Many employment discrimination cases involve allegations by an employee (or former employee) that they have endured discriminatory treatment based on one or more of that person’s protected characteristics.
But what you may not know is that there is another type of claim – referred to in the case law as “associational discrimination” – based on the allegation that a person has suffered discrimination not because of their own protected characteristic(s), but rather due to their known association with someone else who is a member of a protected class.
In Manon v. 878 Educ., LLC, No. 13-CV-3476 RJS, 2015 WL 997725 (S.D.N.Y. Mar. 4, 2015), the Southern District of New York denied defendants’ motion for summary judgment on plaintiff’s associational discrimination claims under the Americans with Disabilities Act (ADA) and the New York City Human Rights Law (NYCHRL).
In sum, plaintiff (a receptionist in the defendant 878’s admissions department) alleged that she was fired, at least in part, due to time she took off to tend to her infant daughter who had been diagnosed with a medical condition called Reactive Airway Disease.
“In order to establish a claim for ‘associational discrimination’ under the ADA, Plaintiff must demonstrate that she was discriminated against by her employer because of her association with a disabled person.”
The court held that plaintiff presented direct evidence of discrimination sufficient to overcome summary judgment. Judge Sullivan wrote:
Here, Garcia [plaintiff’s supervisor] told Plaintiff at the November 16, 2012 meeting—the day of her return to work following an absence to care for her daughter—that he was “letting her go” because he needed someone without children to work at the front desk. When Plaintiff began crying and stated, “This is unfair. Please let me fix this. Give me an opportunity. What can I do to fix this?,” Garcia responded, “I need someone who does not have kids who can be at the front desk at all times.” He further asked, “How can you guarantee me that [ ] two weeks from now your daughter is not going to be sick again? … So, what is it, your job or your daughter?” Garcia, Plaintiff’s direct supervisor, made these remarks to Plaintiff during the formal meeting terminating her employment. … Garcia’s remarks could easily be viewed as a “smoking gun” admission that Garcia believed Plaintiff’s daughter was disabled and would be frequently ill and, further, that Plaintiff’s termination was directly motivated by Garcia’s hostility towards Plaintiff’s association with her daughter. At the very least, Plaintiff’s assertions create a “thick cloud of smoke” sufficient to require 878 to “‘convince the factfinder that, despite the smoke, there is no fire.'”
The court also determined that plaintiff presented sufficient evidence – including text messages about her daughter’s condition – to show that Garcia “knew that [her] daughter was disabled to render his comments actionable under the ADA.”
Judge Sullivan did not make a determination as to whether the “mixed motives” or “but for” causation standard is to be applied under the ADA, in light of his holding that plaintiff presented sufficient evidence to satisfy even the more stringent “but for” standard.
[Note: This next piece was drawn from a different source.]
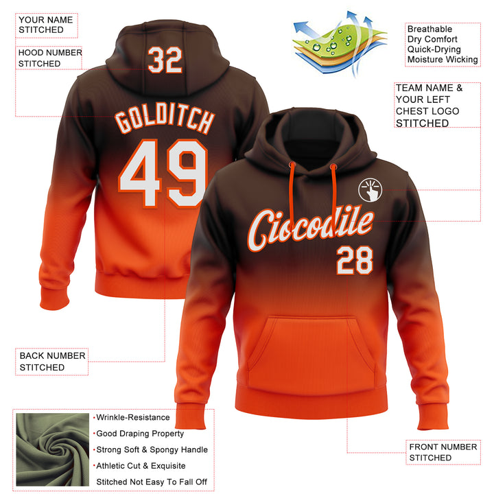 Custom Stitched Brown White-Orange Fade Fashion Sports Pullover Sweatshirt Hoodie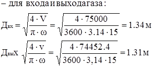 Принимаем диаметр штуцеров для входа и выхода коксового газа 1,500 м Материал штуцеров сталь марок 08 и 10. Где ω = 15 м/с принятая скорость коксового газа в трубопроводе. Для входа и выхода поглотительного масла:

Finally, the court held that plaintiff raised a triable issue of fact on her NYCHRL associational discrimination claim:
With respect to Plaintiff’s claim of discrimination under NYCHRL based on her status as the caregiver for a disabled person, the law is clear that a plaintiff need only point to a medical impairment and establish that discrimination was a motivating factor in her termination in order to prevail under the statute. See N.Y.C. Admin. Code §§ 8–102(16), 8–107(1)(a). In this regard, the NYCHRL standard for associational disability discrimination is far less onerous than the “but for” standard under the ADA discussed above.